There really should be clear cut regulations defining what constitutes a confiscation. Unfortunately hardly any country does, although the US now limits the time they can hold a laptop to 7 days. Still a very long time without a warrant or probable cause.
Interesting post, apparently in Europe they are looking at strengthening digital rights to protect Europeans from losing their personal information on sites like Facebook, will be interesting to see how it plays out.
Hopefully that will extend to airports as well, although it’s not likely the way things look now.
i didnt know about this before… my laptop was never taken or inspected before… thanks for sharing….
It’s unfortunate that this is the reality. Too many people are willing to give up their rights and freedoms in what appears to be security.
Interesting… Yes, from countless movies and tv series (even though they are fictions), I fully understand the possibility of being searched from the government. They are the big guys but still it’s not pleasant.
I think we always know the possibilities but just put that thought on the side. Thanks for the reminder and looking forward to read your series.
Not pleasant and if not warranted, I’d say quite disturbing. Especially in some of the countries listed above.
Interesting, and shocking. This never would have even crossed my mind before. Thanks for this!
A lot of these laws get passed quietly or on the waves of a security event. Glad I could help shed some light on it 🙂
Its sad that governments do what they do and this will happen forever. Thankfully I didn’t get checked on my visits to controversial countries like Russia and Israel.
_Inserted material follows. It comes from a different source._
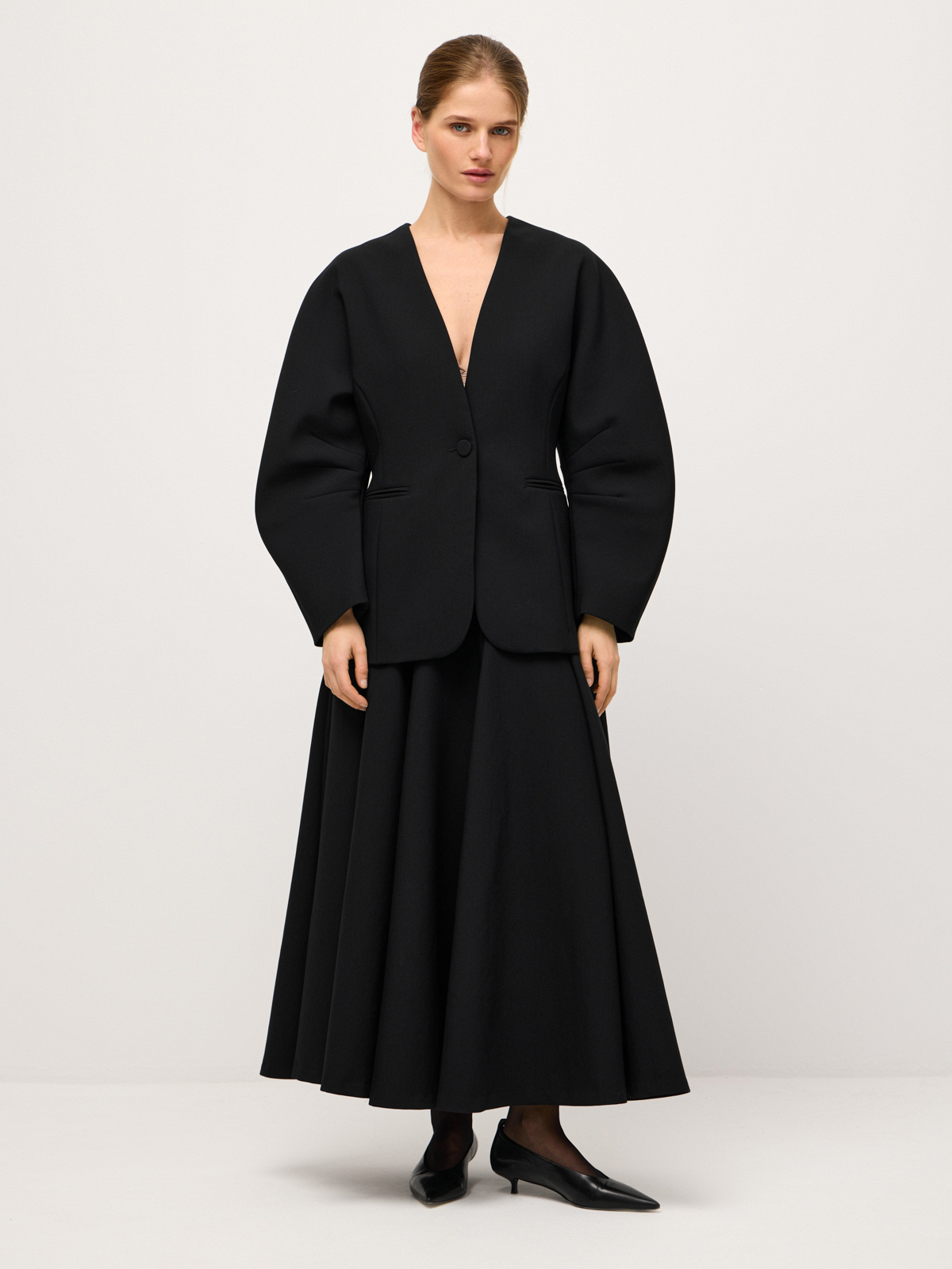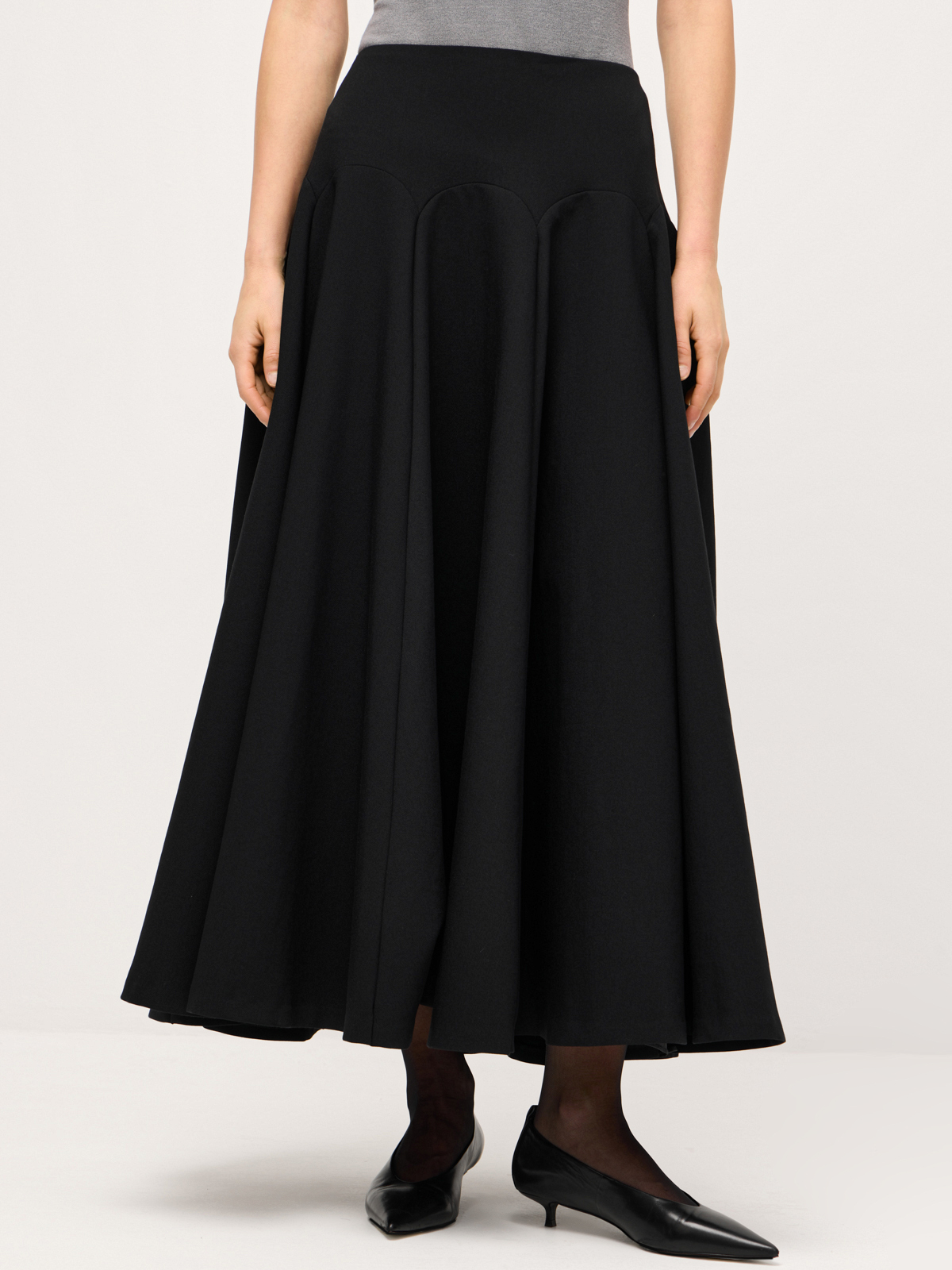 Архитектурная юбка dynamic weekdays — минималистичный айтем с ноткой нарядности. Уникальный крой модели создает множество изящных волн, эффектно «оживающих» в движении. Костюмная ткань отлично держит форму и придает изделию собранности. Модель идеально подходит для динамичных дней в мегаполисе, когда локации сменяются одна за другой и везде хочется выглядеть безупречно. Носим юбку с совершенной базой: топом-водолазкой, облегающей футболкой или комфортным лонгсливом.

I have my operating system in an Indian language, I wonder if that would attract more attention and scrutiny; or maybe it works to an advantage? Thanks for the post Anil, its good to be reminded from time to time.
Difficult to say, I’ve heard that some people running Linux have had their laptops searched more often because it’s rather unfamiliar to most security officers. I’m guessing the Mac OS X is on your side!
Hmmm – looks like I need to add this to my list of things to research to prep for Mongol Rally. Thanks for sharing and bringing the subject to light. I’m curious – have you ever personally had your laptop ‘searched’ during your constant travels?
Nothing beyond popping open my laptop and opening up a few folders from the desktop (once I was asked to open Word). It’s happened a few times that I can recall.
I’ve been considering what to do to avoid the risk of search and/or confiscation next time I fly but haven’t quite decided yet. I use TrueCrypt but I also like the idea of using a basically data free device although a hidden TrueCrypt volume seems like a good way to look normal but still hide and protect your data.
Glad you’re spreading the word on this Anil. Hopefully fewer will be taken by surprise if they are searched.
Hidden folders are probably the best way to go. It’s extremely difficult to find them and being forced to give up a password only reveals the ‘fake’ encrypted folder.
It’s definitely important that people understand their rights are being revoked in the guise of security. Many of these ‘free’ countries have protections against unwarranted search and seizure – just because you’re at border control or that information is digital shouldn’t change that. We are otherwise sacrificing what many others in the past have fought so hard to obtain for us in the present.